I guess it wouldn't have worked with the level structure, though. Once you enter a level there's no way to leave it, so they'd have to redo the whole powerup system. And they should redo the whole powerup system because it's not that great.



C-c-c-combo!
The best part of Jill of the Jungle for me is actually the sound. I went to the trouble of downloading all the level themes in mp3 from Youtube--my favorite is probably Dan, the track used for the castle maps--but even the sound effects are pretty neat. I can see how they would be annoying for some people, but I actually like the sproing sound when she jumps and the heavy thud when she lands. The heavy thud coupled with the slight pause on impact helps give her jumps a sense of weight, which, while it doesn't entirely make up for the clumsy controls, does help mitigate it a bit.

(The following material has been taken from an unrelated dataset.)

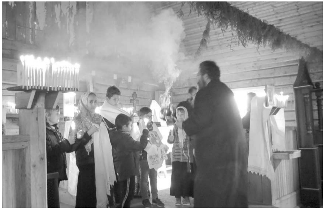
Sentikiai perduoda tradicijas: jų vaikai ir anūkai kantriai dalyvauja pamaldose. Jie ir gieda, ir dalyvauja eisenoje aplink cerkvę. Pamaldos vyksta senąja bažnytine slavų kalba, išlaikant senąsias skaitymo ir giedojimo tradicijas.

„Tai mūsų Švenčiausiosios Mergelės Marijos Užtarėjos („Pokrov Presviatoj Bogorodicy“) šventė, švenčiama pagal senąjį kalendorių spalio 14 dieną. Dievo motiną užtarėją X-ame amžiuje pamatė tik du žmonės. Šventė pagal cerkvės kanonus nėra kažkuo itin ypatinga, bet pagal žmonių meilę ir skiriamą dėmesį – tikrai svarbi.

But other than that, Jill of the Jungle is a middling game that I primarily love due to nostalgia. With a bit more time in the oven, it could have been a pretty good platformer. And from poking around YouTube, it looks like the second and third games in the series have better implementations of some of these ideas, like better implementation of the transformations, more challenging enemies, and Jill of the Jungle 3 actually has an overworld instead of the "map" you can see in the first screenshot and enemies that don't all die in a single hit.



#doom
Those weren't shareware games, though, so it's perhaps understandable that Jill of the Jungle is a bit underbaked. I remember being incensed as a kid that the shareware version of Doom didn't have the plasma rifle or the BFG, but it makes sense. Reel them in with the shareware and then give them reasons to buy the full version. And I do have copies of Jill of the Jungle 2 and 3 now, so maybe after all these years I can give them a try without a patina of nostalgia to color my impressions.

Though really, Jill of the Jungle is pretty much exactly as I remember it. It's just that now, I've played all those 16-bit console platformers, so I know what I was missing.